Within six months after the end of the Civil War in 1865, representatives of the American Baptist Home Mission Society opened the Richmond Theological School for Freedmen, which held its first classes in the former slave jail of Richmond trader Robert Lumpkin, where enslaved men and women had been "lodged for safe keeping until they were disposed of at private or public sale. In this building, in the windows of which some of the iron bars remain until this day, students were invited to assemble for instruction in matters pertaining to the Christian ministry." It was the first institution of higher education for African Americans in Virginia. The General Assembly incorporated the college in 1876. It changed its name in 1899 to Virginia Union University following its unification with Wayland Seminary, in Washington, D.C. The university had a long affiliation with Hartshorn Memorial College, the first college for African American women in the state, founded in Richmond with a donation from Joseph C. Hartshorn, of Rhode Island, in 1883. They merged in 1932.

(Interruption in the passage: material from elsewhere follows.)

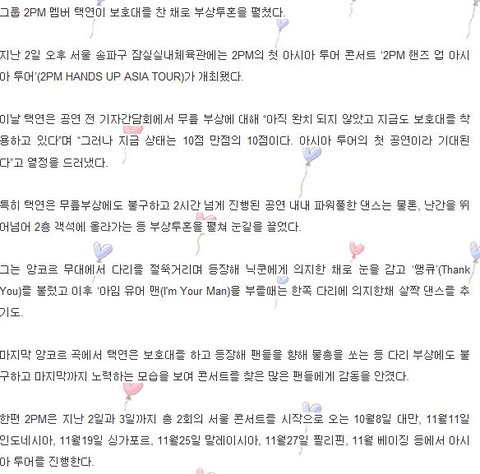 제왑네이션일본콘에서 택연군이 다리부상을 입게 되었거든요 ㅠㅠ

Hampton Normal and Agricultural Institute was the second college for African Americans in Virginia. Its campus was on the site in Hampton where a large number of people who escaped from slavery took refuge with the U.S. Army during the Civil War. Founded in 1868 by General Samuel Chapman Armstrong, an agent of the Freedmen's Bureau, it was the first coeducational institution in Virginia. It was initially supported by philanthropic and religious groups, and from 1878 until 1912, federal funding paid for a program for Native American students. During its first decades, Hampton Institute, as it was known, prepared young men and women for careers in teaching. Hampton graduates played prominent roles in African American communities throughout Virginia and many other states. Its most famous graduate was Booker T. Washington, the founding president of Tuskegee Institute, in Alabama, and the most prominent African American in the country early in the twentieth century. Hampton Institute changed its name to Hampton University in 1984.
In 1882, the Virginia General Assembly, which then included thirteen African American members, created the Virginia Normal and Collegiate Institute, the nation's first fully state-supported four-year institution of higher learning for African Americans. At its campus in Ettrick, near Petersburg, it was coeducational from the beginning and focused on training teachers for the state's public schools. The General Assembly changed the institution's name in 1902 to the Virginia Normal and Industrial Institute, in 1930 to Virginia State College for Negroes, in 1946 to Virginia State College, and in 1979 to Virginia State University.